百世传媒(Best Media)在举办仿制药研发中配方开发和生物等效性预测的依据培训中,培训人员与主讲嘉宾(马小波博士)互动反响强烈。我们会将互动问答内容依次整理到“医药领袖”微信平台,欢迎大家关注交流!
BCS分类中,为什么同一个原料可以同属于两个截然相反的BCS分类呢?比如Erythromycin同属于class II和class III
答: 生物药剂分类系统(BCS)是基于药物本身的水溶性和通透性进行科学分类的一种系统。其基本定义是:如果一个药物的最高剂量量能够溶解于< 250 毫升,pH 在 1.0~7.5 范围的溶液中,则认为此药物具有高溶解性;反之,具有低溶解性。另外,如果该药物在胃肠道内不呈现不稳定的迹象,其吸收超过 90%以上(此数据由物质平衡方法测定,或与静脉注射相比较而得),则认为此药物具有高通透性。然而,如果测试结果处于该定义值的边缘,则不同的文献可能将它归到不同的 BCS 类别。建议你自己查一下 Erythromycin 的溶解性及通透性数据,看看归哪类比较合理。

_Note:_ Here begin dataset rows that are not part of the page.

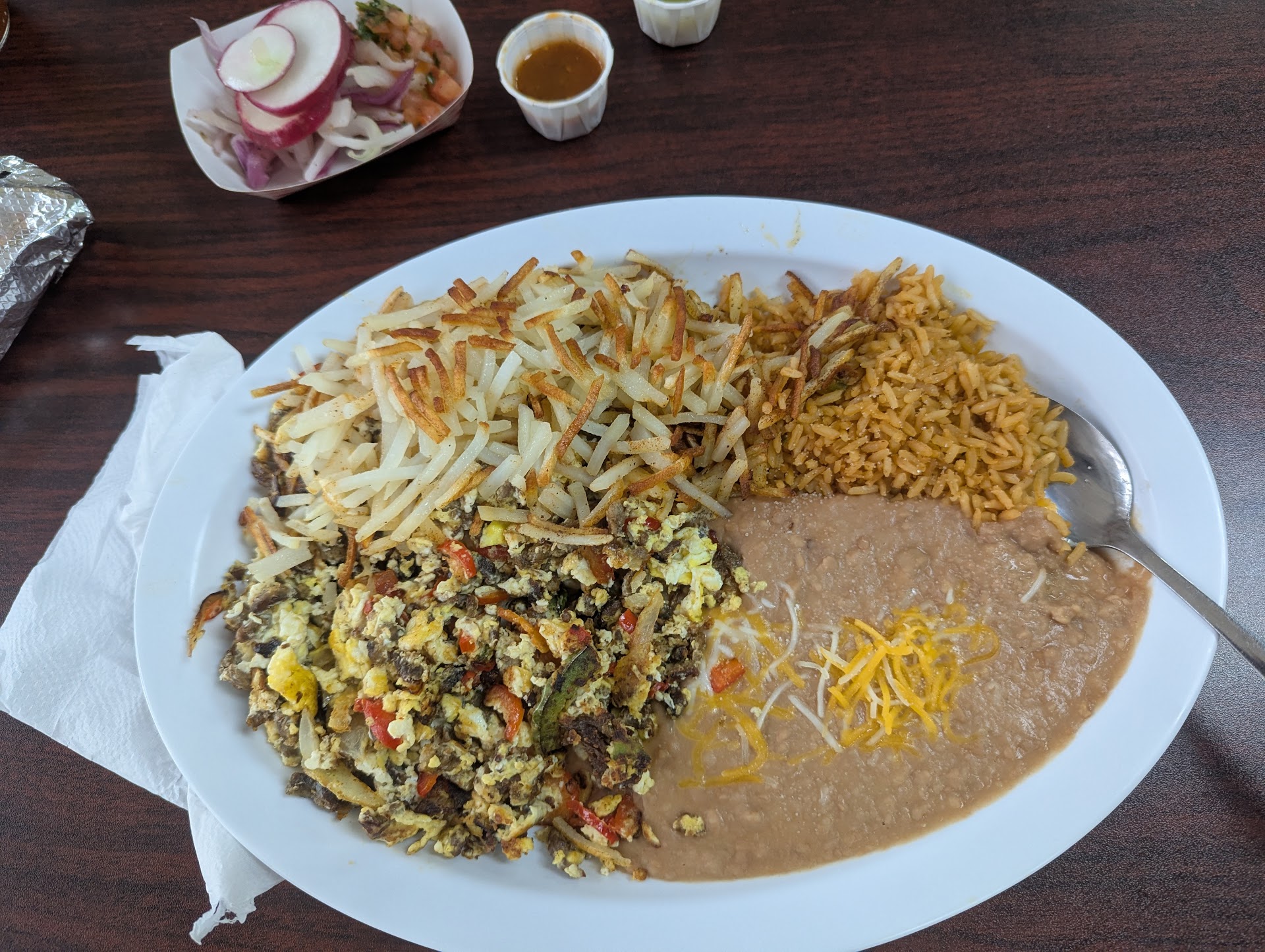 Ā Ā Ā Read moreI read reviews on this place calling it a āHidden Gemā. Parts of it were good but the majority was not. I donāt like having to pay for chips at a taqueria. Major minus. The salsa bar needs improvement. The pico de gallo or salsa Fresca whatever you want to call it had a stagnant smell and had been sitting way too long and was a day away from rotting. None of the salsas were labeled. Am I a mind reader? The other āsauces were watery and runny and not very appetizing. The radishes looked water logged and the jalapeƱos were mostly juice. I ordered a burrito plate. Carne asada. Please see photo. The burrito came with a āsauceā on top which was nothing more than salty red water with chiliās that were boiled to death. I started to get a sodium headache with the first taste. Piece of advice, order burritos without the sauce! The side of guacamole š„ was $3.50 for two scoops. We all know avocados are cheep and that price was inflated. For two to have medium size burritos and a plate of chips we had to pay for and for guacamole and two drinks it was over $27. Thats no bargain. I would avoid this restaurant and save your money. As a Californian I know what good Mexican food is. This is low quality. I have had better food off of a taco truck in San Jose for...
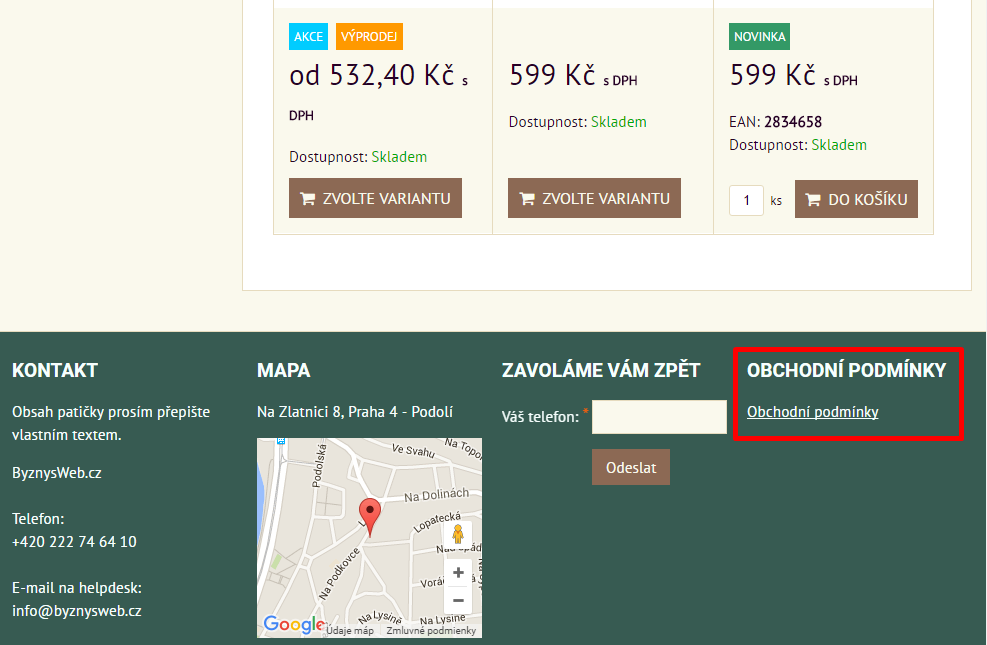 Nyní je třeba vložit odkaz na obchodní podmínky do zápatí stránky.
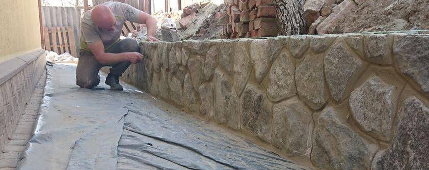 Вторым шагом является уже укладка бута на густом цементном растворе. В таком виде кладку оставляют на 1–2 дня. Далее опалубка приподнимается, и аналогично выкладываются остальные ряда камня до проектной высоты. После снятия опалубки швы между камнями обрабатываются и затираются цементным раствором, после можно выполнить расшивку швов.

请教一下您提到生产工艺中选择高、低转速的剪切混合或湿法制粒工艺,剪切速度选择高或低的原因何在?与药物性质相关吗?
答:工艺研究阶段影响产品质量(如溶出度)的工艺参数很多。选择高或低剪切速度要考虑的因素也很多,如黏合剂用量、制粒搅拌转速、制粒时间等。物料旋转速度等于搅拌转速,一般认为剪切转速正比于剪切桨剪切颗粒时的强度和次数;在剪切转速相同的情况下,搅拌速度越高,同一物料经过剪切桨的次数越多,被剪切的次数就越多。在搅拌转速相同的情况下,剪切转速越高,同一物料被剪切的程度越高,次数也越多,而物料被剪切次数越多,强度越高,颗粒就越细,也越紧实;另外,湿整粒筛网大小也是重要因素,筛网越小整粒后的颗粒越紧实。对与湿法制粒放大,粘合剂用量一般不是等比例变化。如从十万片到百万片,并不是简单的将粘合剂溶液增加到十倍的量。一般是要稍微减少点用量的,如将放大倍数乘以 85%左右。
想请问下体内体外相关性时,是得先做出原研产品的药时曲线,消除曲线,还有溶出曲线,但是计算得到的体内外相关性后,对于仿制药的溶出曲线研究的指导意义在哪?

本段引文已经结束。